_What you need to do_: Lines from the one with "春天的长城,前景虚化的桃花很" up to and including the one with "The inspection report" are to be copied exactly from the records below, without their pictures.

+++ Supplied records +++

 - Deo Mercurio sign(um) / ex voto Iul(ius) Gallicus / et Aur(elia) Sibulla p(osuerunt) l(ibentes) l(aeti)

+++
+++ Supplied records +++

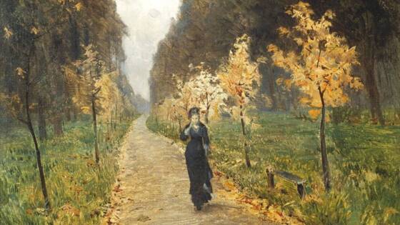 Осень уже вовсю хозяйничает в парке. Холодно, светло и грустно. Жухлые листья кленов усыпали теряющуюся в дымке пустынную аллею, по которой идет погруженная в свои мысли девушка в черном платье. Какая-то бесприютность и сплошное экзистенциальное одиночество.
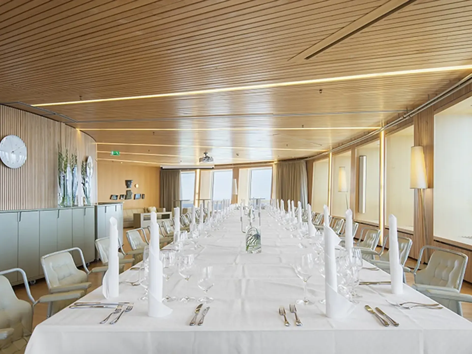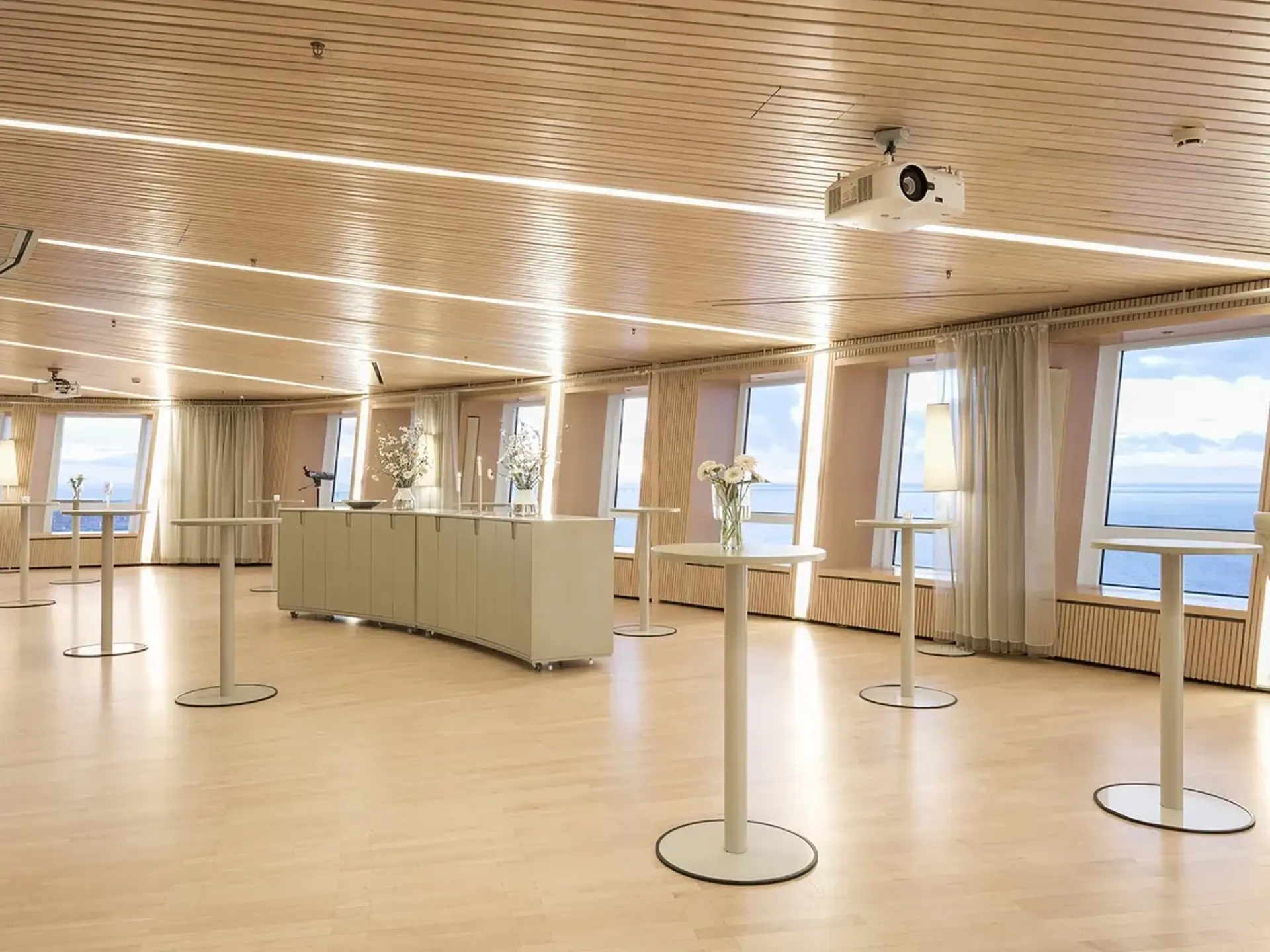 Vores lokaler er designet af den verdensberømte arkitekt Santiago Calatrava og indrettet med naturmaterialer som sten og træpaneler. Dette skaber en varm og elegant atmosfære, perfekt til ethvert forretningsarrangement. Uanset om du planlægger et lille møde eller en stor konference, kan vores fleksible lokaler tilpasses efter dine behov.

+++
+++ Supplied records +++

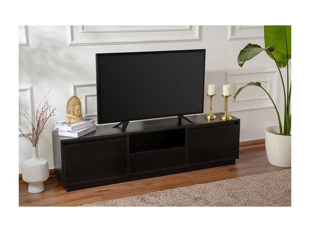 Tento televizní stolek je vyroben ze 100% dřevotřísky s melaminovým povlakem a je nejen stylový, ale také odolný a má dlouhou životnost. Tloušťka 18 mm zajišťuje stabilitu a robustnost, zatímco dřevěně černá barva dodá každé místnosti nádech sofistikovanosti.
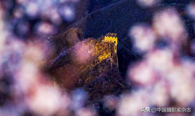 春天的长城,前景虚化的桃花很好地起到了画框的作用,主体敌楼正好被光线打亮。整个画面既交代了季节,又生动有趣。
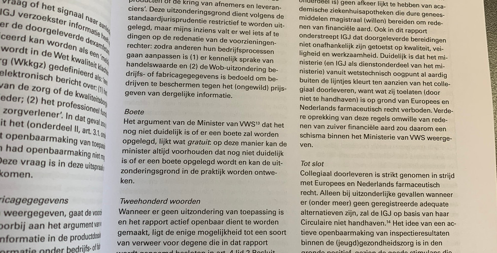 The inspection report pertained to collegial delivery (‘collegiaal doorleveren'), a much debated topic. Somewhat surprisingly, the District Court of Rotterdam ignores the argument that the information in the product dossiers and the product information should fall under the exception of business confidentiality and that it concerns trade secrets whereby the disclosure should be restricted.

+++

_Answer to this task_:
 春天的长城,前景虚化的桃花很好地起到了画框的作用,主体敌楼正好被光线打亮。整个画面既交代了季节,又生动有趣。
 The inspection report pertained to collegial delivery (‘collegiaal doorleveren'), a much debated topic. Somewhat surprisingly, the District Court of Rotterdam ignores the argument that the information in the product dossiers and the product information should fall under the exception of business confidentiality and that it concerns trade secrets whereby the disclosure should be restricted.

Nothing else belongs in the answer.